Delicate balance for Kenya in refugee crisis


MPs demanding repatriation of Somali refugees have sparked a debate on how to balance national security and the country’s allegiance to international humanitarian law that protects refugees.

A section of MPs are determined to push for the closure of Dadaab and Kakuma camps despite criticism from refugees themselves and warnings from human rights groups.

The MPs not only want to force the government to conduct an audit of the refugee status in the country but also to give it reason enough to move refugees to safe areas in southern Somalia.

The matter features prominently in an ongoing investigation by joint parliamentary committees probing the September 21 terrorist attack on Nairobi’s Westgate mall.

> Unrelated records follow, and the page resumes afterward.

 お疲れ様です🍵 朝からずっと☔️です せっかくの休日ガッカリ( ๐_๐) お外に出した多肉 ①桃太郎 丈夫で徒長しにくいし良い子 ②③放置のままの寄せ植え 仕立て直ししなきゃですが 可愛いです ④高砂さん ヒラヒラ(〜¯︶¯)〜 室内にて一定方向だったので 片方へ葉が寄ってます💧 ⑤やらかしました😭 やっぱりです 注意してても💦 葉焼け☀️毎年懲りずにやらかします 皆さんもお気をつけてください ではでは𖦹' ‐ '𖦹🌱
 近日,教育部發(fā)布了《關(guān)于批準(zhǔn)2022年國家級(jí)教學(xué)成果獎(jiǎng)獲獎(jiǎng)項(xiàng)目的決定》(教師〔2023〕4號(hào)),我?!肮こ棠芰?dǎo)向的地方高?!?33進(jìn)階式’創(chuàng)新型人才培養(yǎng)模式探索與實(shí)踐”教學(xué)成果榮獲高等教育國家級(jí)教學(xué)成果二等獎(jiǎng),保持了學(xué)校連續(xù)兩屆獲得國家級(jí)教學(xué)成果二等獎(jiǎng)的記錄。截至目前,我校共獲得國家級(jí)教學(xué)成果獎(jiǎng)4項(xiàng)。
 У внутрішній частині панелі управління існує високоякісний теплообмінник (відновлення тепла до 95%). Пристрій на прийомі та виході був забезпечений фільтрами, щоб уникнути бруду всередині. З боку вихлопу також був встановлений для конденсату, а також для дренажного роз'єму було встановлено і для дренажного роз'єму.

The Defence and National Security committee will make a formal recommendation on the matter in the next three weeks when it is expected to table a report in Parliament. A sub-committee of the team will likely visit the two camps.

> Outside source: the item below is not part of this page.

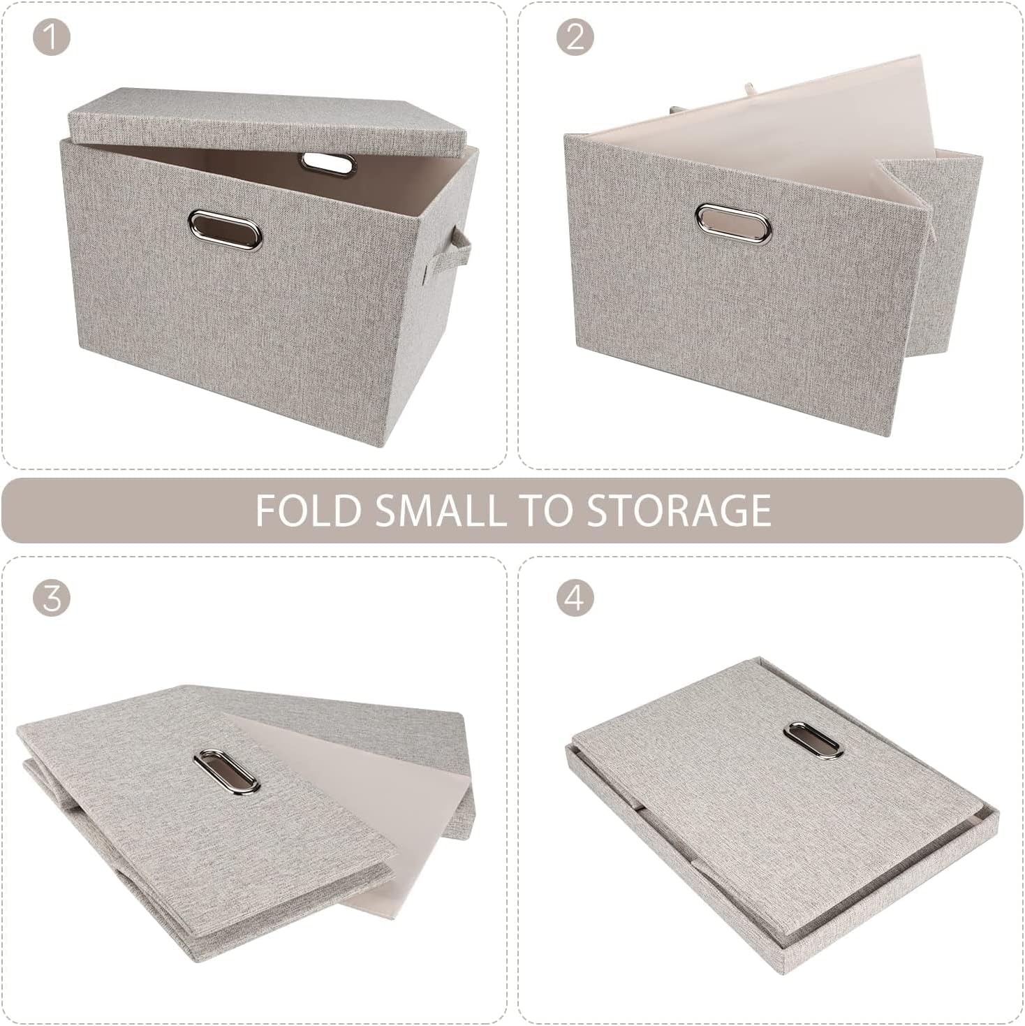 • ✅[Foldable Space Saver] Our Sturdy collapsible storage bins can be folded flat into lid and easy to be assembled. They can hide and hold numbers of clutters, freeing up amount of space and making everything looks organized. When you don't use them, they are very easy to be stored or carried with.
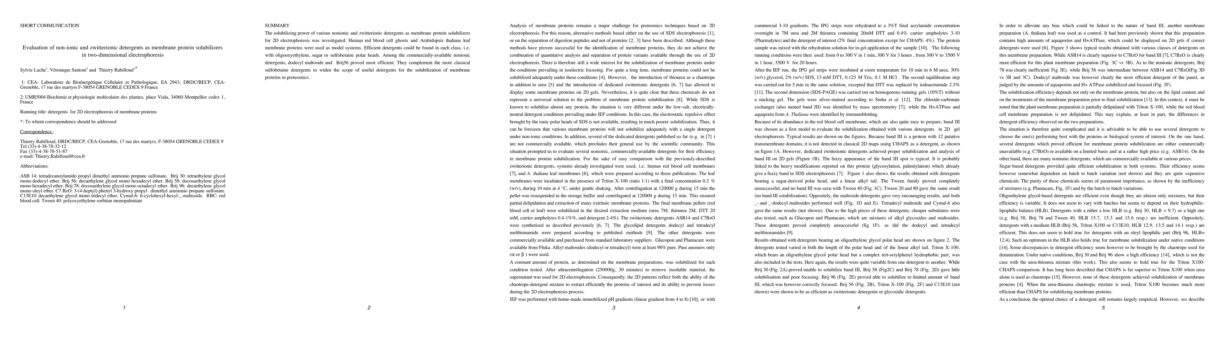 The solubilizing power of various nonionic and zwitterionic detergents as membrane protein solubilizers for two-dimensional electrophoresis was investigated. Human red blood cell ghosts and Arabidopsis thaliana leaf membrane proteins were used as model systems. Efficient detergents could be found in each class, i.e. with oligooxyethylene, sugar or sulfobetaine polar heads. Among the commercially available nonionic detergents, dodecyl maltoside and decaethylene glycol mono hexadecyl ether proved most efficient. They complement the more classical sulfobetaine detergents to widen the scope of useful detergents for the solubilization of membrane proteins in proteomics.

Security committee chairman Asman Kamama has boldly come out to declare the camps the country’s biggest security threats.

Speaking after the Westgate attack, he said the camps were hosting dangerous elements that end up harming Kenyans.

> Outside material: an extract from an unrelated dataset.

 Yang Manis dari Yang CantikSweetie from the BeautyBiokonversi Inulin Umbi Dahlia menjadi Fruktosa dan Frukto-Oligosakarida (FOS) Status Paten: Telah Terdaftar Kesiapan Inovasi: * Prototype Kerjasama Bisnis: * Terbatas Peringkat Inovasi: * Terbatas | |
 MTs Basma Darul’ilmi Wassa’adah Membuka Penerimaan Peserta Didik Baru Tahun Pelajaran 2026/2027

The Tiaty MP described Dadaab camp as a nursery for terrorists. “The UN must understand the security of Kenyans comes first. Even if it is about human rights, it should not be at our expense,” the member was quoted saying.

Another member of the Defence committee wants the government to present to Parliament a comprehensive report on the status of refugees in the country.

Saboti’s David Wafula wants the government to give actual statistics of refugees in the country and refugee camps hosting them.

“Kenyans need to know and have a right to know how many refugees are in their country and their exact location.

It is assumed that all refugees come from Somalia, and so we need a breakdown showing their countries of origin as well,” he told Sunday Nation.


The member, who has asked for a statement in Parliament on the matter said its alarming because government doesn’t seem to know what goes on in the camps.

“Who vets them and who monitors their movement?” the member said, arguing that many end up leaving the camps and even acquire Kenyan citizenship through corrupt means.

The MPs’ demands may have been reinforced by intelligence reports that indicated some camps harbour militants and serve as storage centres for arms.

There are concerns that al-Shabaab militants enter the country through refugee camps.

Mr Wafula said reports that some camps were being used as training grounds for terrorists are cause enough for the government to investigate what goes on inside them.

It is not the first time the issue of repatriation is coming up. In fact, it was one of the campaign promises made by Jubilee.

A statement to Parliament in June on the audit of the Jubilee Government’s 100 days in office, Majority Leader Aden Duale said the government had prioritised repatriation of refugees through the establishment of a joint coordination commission.

He said a tripartite commission consisting the UN Nations High Commissioner for Refugees and the governments of Kenya and Somalia had been formed to coordinate the repatriation programme.

Former President Kibaki last year told a conference in London that the Dadaab refugee camp, which houses nearly half a million people, was overcrowded and posed security threats not only to Kenya but to the entire region.

But Geneva-based Human Rights Watch has cautioned Kenya against the move, noting that the country is bound by international law and has an obligation to host the refugees unless they are willing to leave.

The group said while the security of Kenyans is priority, forcing refugees back to a country that is still experiencing violence would breach Kenya’s obligations under international law.

Suggestions from government officials have included asking the international community-led by the UN to identify a section of the safe areas of Somalia that were freed from Al-Shabab in an operation carried out by the Kenyan Defence Forces and the African Mission in Somalia.

The border regions are believed to be pacified areas.


Those supporting the proposal say there is no longer any reason why Somalia refugees, especially, should not go back home now.

The challenge is in the international law which states clearly that repatriation must be voluntary. Already the refugees have come out to protest against the demands for relocation.

Human rights groups have joined the latest debate cautioning against the push on humanitarian grounds. The groups have instead advised the government to vet the refugees, warning that repatriation of refugees could fuel more instability in Somalia.

Former Security Minister Katoo Ole Metito said in Parliament that the issue of Kenya bound by international law.

Kenya is a signatory to the 1951 Convention relating to the Status of Refugees which forbids the involuntary return of refugees to a country where the threat of persecution persists.

After the Kenya Defence Forces routed al-Shabaab militants in Somalia, calls arose to repatriate the refugees to safer areas in southern Somalia.

Some MPs say that security of Kenyans should come first.